## WHAT IS REQUIRED:
Every line from the one with "und stiegen leicht" through the final line of the data below goes in the answer, copied exactly. Pictures do not.

## RECORDED INFORMATION:
※

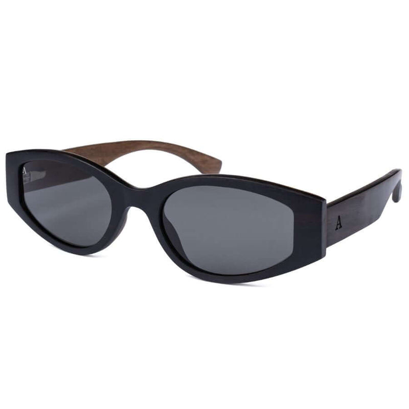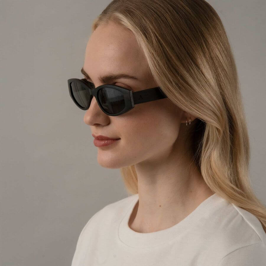 Kehykset valmistetaan arvokkaasta eebenpuusta, jonka syvä ja tumma sävy tekee laseista elegantit ja viimeistellyt. Kehysten sisällä kulkeva Carbon Core™ -rakenne, eli hiilikuituydin puuviilujen välissä, lisää kestävyyttä ja tekee laseista samalla erittäin kevyet. Jousitetut metallisaranat parantavat käyttömukavuutta ja joustavuutta, jolloin lasit istuvat mukavasti myös pitkässä käytössä. Polarisoidut premium-polykarbonaattilinssit tarjoavat 100 % UV-suojan ja vähentävät häikäisyä kirkkaassa auringonvalossa. Tummanharmaat linssit viimeistelevät tyylikkään kokonaisuuden.
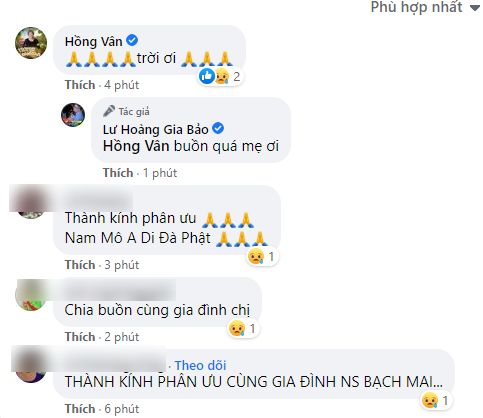 Ngay khi nhận được tin buồn, nhiều người đã bày tỏ sự tiếc thương trước sự ra đi của nữ nghệ sĩ Kim Phượng. NSND Hồng Vân cũng bàng hoàng khi nhận tin dữ từ "con trai Hoài Linh”, nam diễn viên dường như cũng hiểu được nỗi lòng của Hồng Vân và chỉ có thể động viên cô cố gắng vượt qua nỗi đau tinh thần.
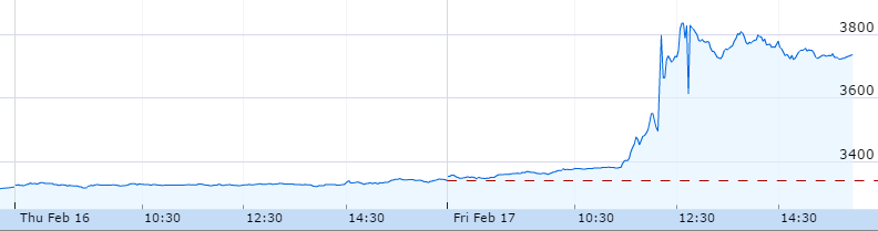 und stiegen leicht über 3.800 GBp (>12 % Steigerung. Die Werte von KraftHeinz stiegen dagegen „nur leicht“ an.
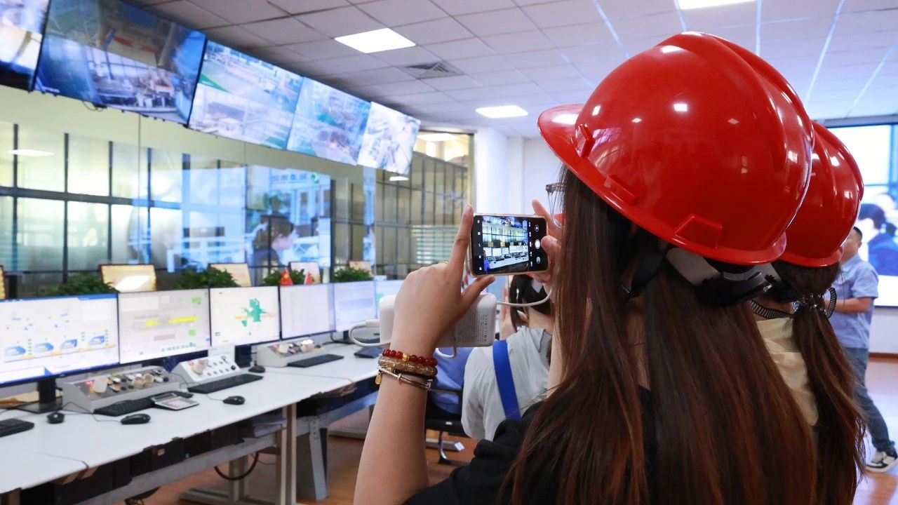 紙上得來終覺淺,絕知此事要躬行。生產線上,一塊塊仿生無醛刨花板在智能設備的運作下有序產出,其堅韌高強的特性與仿生科技的環保品質,讓同學們直觀感受到新港仿生產品的科技魅力。

※

## ANSWER FOR THIS EXERCISE:
 und stiegen leicht über 3.800 GBp (>12 % Steigerung. Die Werte von KraftHeinz stiegen dagegen „nur leicht“ an.
 紙上得來終覺淺,絕知此事要躬行。生產線上,一塊塊仿生無醛刨花板在智能設備的運作下有序產出,其堅韌高強的特性與仿生科技的環保品質,讓同學們直觀感受到新港仿生產品的科技魅力。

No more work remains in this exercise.